娘は その近くへ寄って、ことの事情を話し、一晩の宿を願いました。すると 男の一人が、ちょうどよかった、明かりが消えそうになるたびに、博打を休んで 火をおこさなければならなかったので、灯を消さないように、一晩 火を炊いていてくれ、と言いました。

 娘は 喜んで せっせと火をおこし、周りを赤々と照らすことに一生懸命になりました。
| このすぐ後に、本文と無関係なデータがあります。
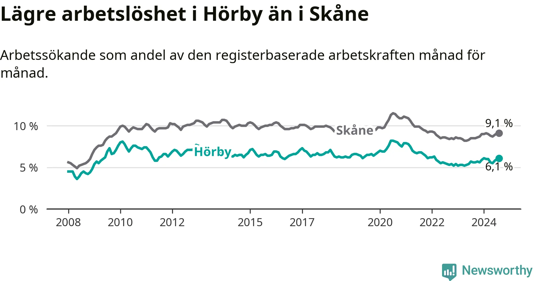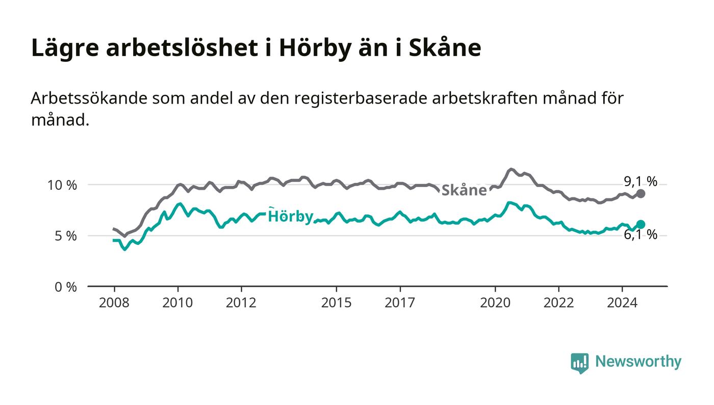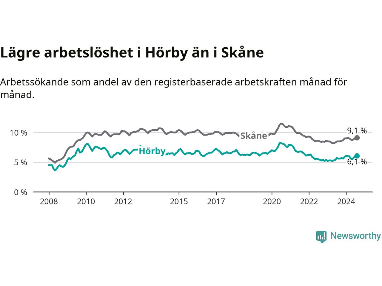 Även om arbetslösheten i Hörby alltså ökar, så ligger den fortfarande under snittet i hela Skåne län (6,1 procent i kommunen, jämfört med 9,1 procent i hela länet). Lomma har den lägsta arbetslösheten i länet (3,8 procent), medan Perstorp har den högsta (13,9 procent). För att Hörby skulle komma ner i samma arbetslöshetsnivå som Lomma skulle 172 personer behöva sysselsättas.

もともと 生真面目な娘でしたので、灯は 今までよりも もっと明るく ひるまのようになり、男達は 喜んで ますます博打に熱中しはじめました。

 ところが、火のそばにいた娘は、火が強くなればなるほど、顔はひりひり、髪もちりちりして、たまったものではなかったので、ふと 思いついて、鬼の面をかぶり、熱さを避けて火おこしを続けていました。

 ふと 男の一人が 娘のほうを向いて、あっと大声をあげ、何も持たずに 真っ暗な山道に 飛び出していきました。それを見て、ほかの男達も 娘のほうを見ますと、火の向こうに、恐ろしい形相の鬼が、まるで 自分達を焼き殺そうとするかのように せっせと火をくべ続けているではありませんか。
 みな いっせいに 恐ろしさのあまり、なにもかもうちすてて、我先にと 山を駆け下りていってしまいました。

 やがて 夜が明け始める頃、娘は そろそろ 出かけたいと言いに行こうとして、皆のところへ行ってみたのですが、博打場には 誰一人おらず、そればかりか なにもかもが おきっぱなしになっていて、その中には かけていた沢山のお金も置いたままになっていました。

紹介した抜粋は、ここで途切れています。